SoFi (Social Finance) is a modern financial services company that has become one of the most popular private student loan lenders in the country. Originally founded in 2011 to help graduates refinance student debt, SoFi now offers loans for undergraduate, graduate, and parent borrowers, along with student loan refinancing. SoFi is best known for its zero-fee policy, career coaching benefits, and unemployment protection. It is a strong choice for borrowers with good credit who want a lender that offers meaningful perks beyond the loan itself.
SoFi at a Glance
Here are the key facts about SoFi private student loans for the 2025-2026 school year:
- Fixed rates: 3.23% to 15.99% APR (with autopay)

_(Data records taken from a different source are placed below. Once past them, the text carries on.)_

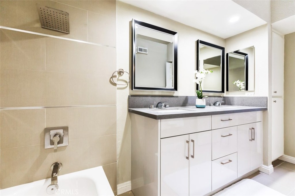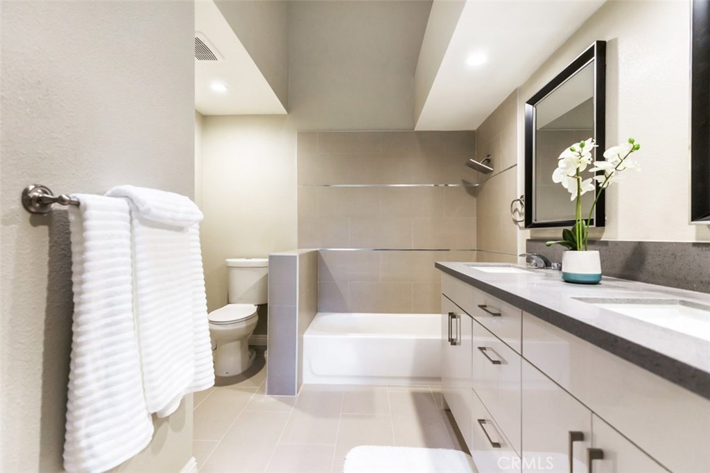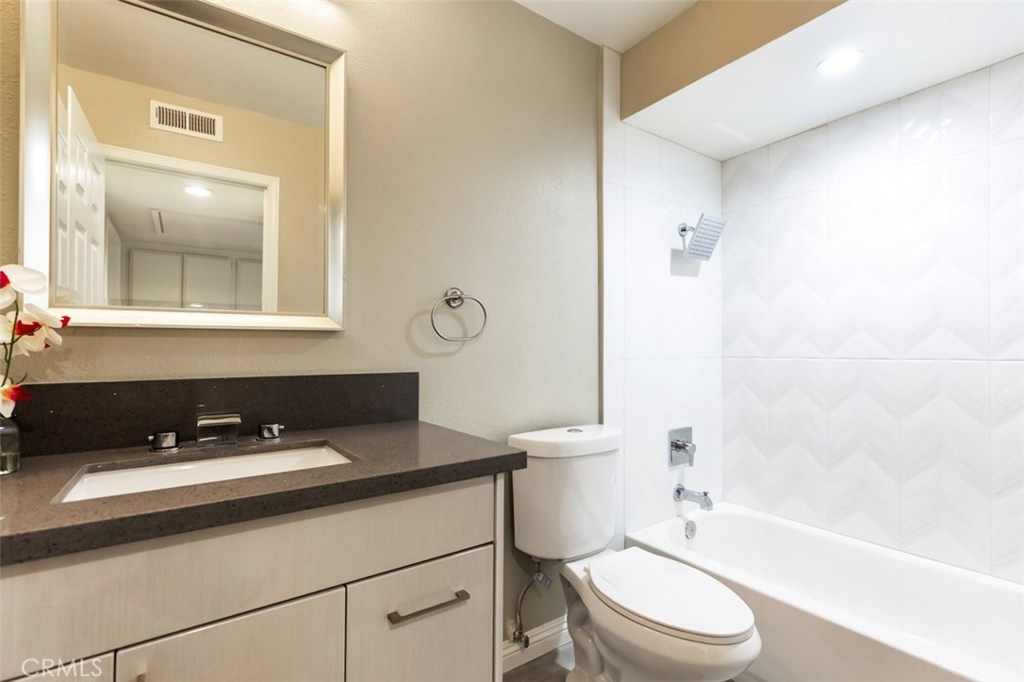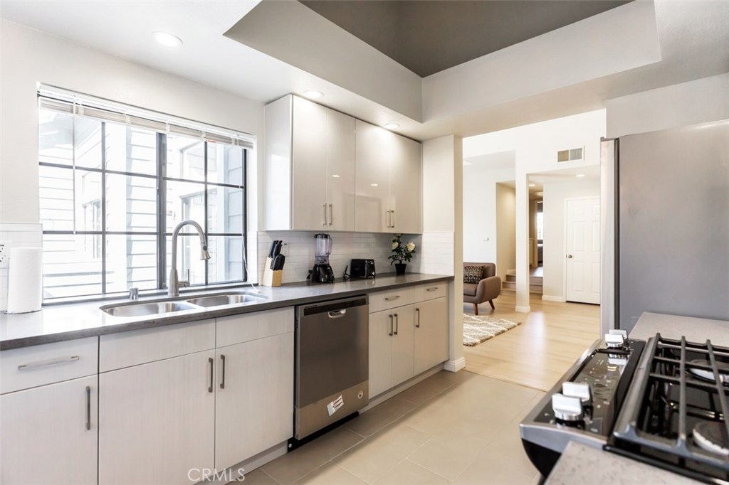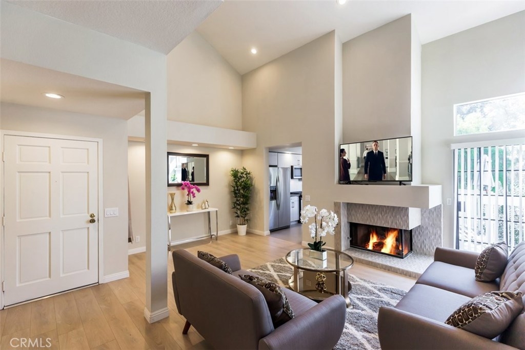 Turnkey & Regular Sale! This newly remodeled 2bd/2bth condo with loft is located in the prestigious Seabridge Village community. The unit has just completed an extensive interior remodel that fills the interior with a contemporary vibe. The galley style kitchen features custom cabinets with subway tile backsplash, stainless steel appliances, and breakfast nook/dining area. Both bedrooms are a few steps up from the main floor. The master suite is spacious with its vaulted ceilings and the en-suite bathroom has been tastefully upgraded with modern touches as well including a custom dual vanity. A loft with spiral staircase can be used as a 3rd bedroom and overlooks the living room. Other features include brand new flooring throughout and light fixtures throughout, newly tiled fireplace, beautiful views of the park-like grounds via balcony, and a single car garage. Community amenities include tennis courts, pools, spas, and various lakers, creeks, and ponds throughout the community. Only minutes to the beach, Main Street, and the 405 Freeway.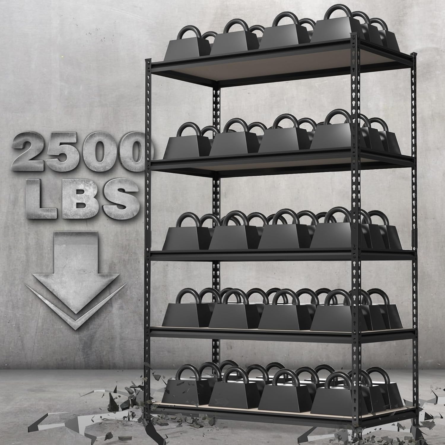 - 【2500 lbs Load Capacity】Made of high-quality metal frame and particle board, this shelving unit is more steady and tough than normal garage shelves. The maximum capacity is up to 2500 lbs total, 500 lbs per shelf, which can store much more stuff and tools in your garage or warehouse.
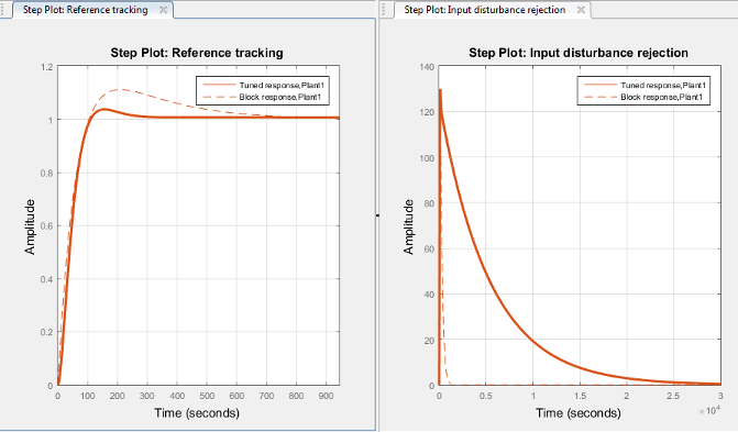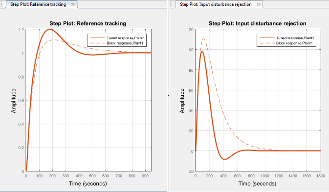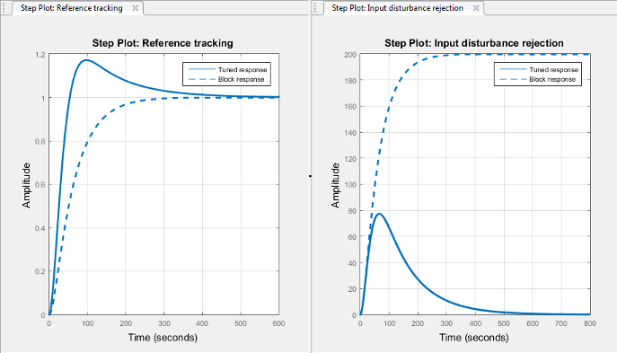 Как и в случае PI, первоначальный проект PID балансирует отслеживание ссылок и отклонение возмущений. В этом случае контроллер также дает некоторое превышение в отклике опорного отслеживания и подавляет входное возмущение с более длительным временем установки.

- Variable rates: 5.14% to 16.49% APR (with autopay)
- Fees: Absolutely none. No application fee, no origination fee, no late fees, no insufficient funds fee, no prepayment penalty.
- Loan amounts: $1,000 up to school-certified cost of attendance
- Cosigner release: Available after 24 consecutive on-time payments (loans disbursed after May 1, 2019)
- Autopay discount: 0.25% rate reduction
- Standout feature: Zero fees and complimentary career coaching for all borrowers
Before applying for any private student loan, make sure you have exhausted your federal student loan options first. For the 2025-2026 school year, federal Direct Subsidized and Unsubsidized Loans carry a fixed rate of 6.39% for undergraduates and 7.94% for graduate students. Federal PLUS Loans carry a rate of 8.94%. Federal loans also offer income-driven repayment plans and potential loan forgiveness that private loans do not.
That said, the landscape is changing. The One Big Beautiful Bill Act (OBBBA) introduces caps on PLUS Loan borrowing and phases out Grad PLUS Loans entirely. These changes make private lenders like SoFi increasingly relevant for students who need to fill larger funding gaps.
Loan Types Offered
SoFi offers student loans for undergraduates, graduate students in several professional programs, parents, and borrowers looking to refinance existing student debt.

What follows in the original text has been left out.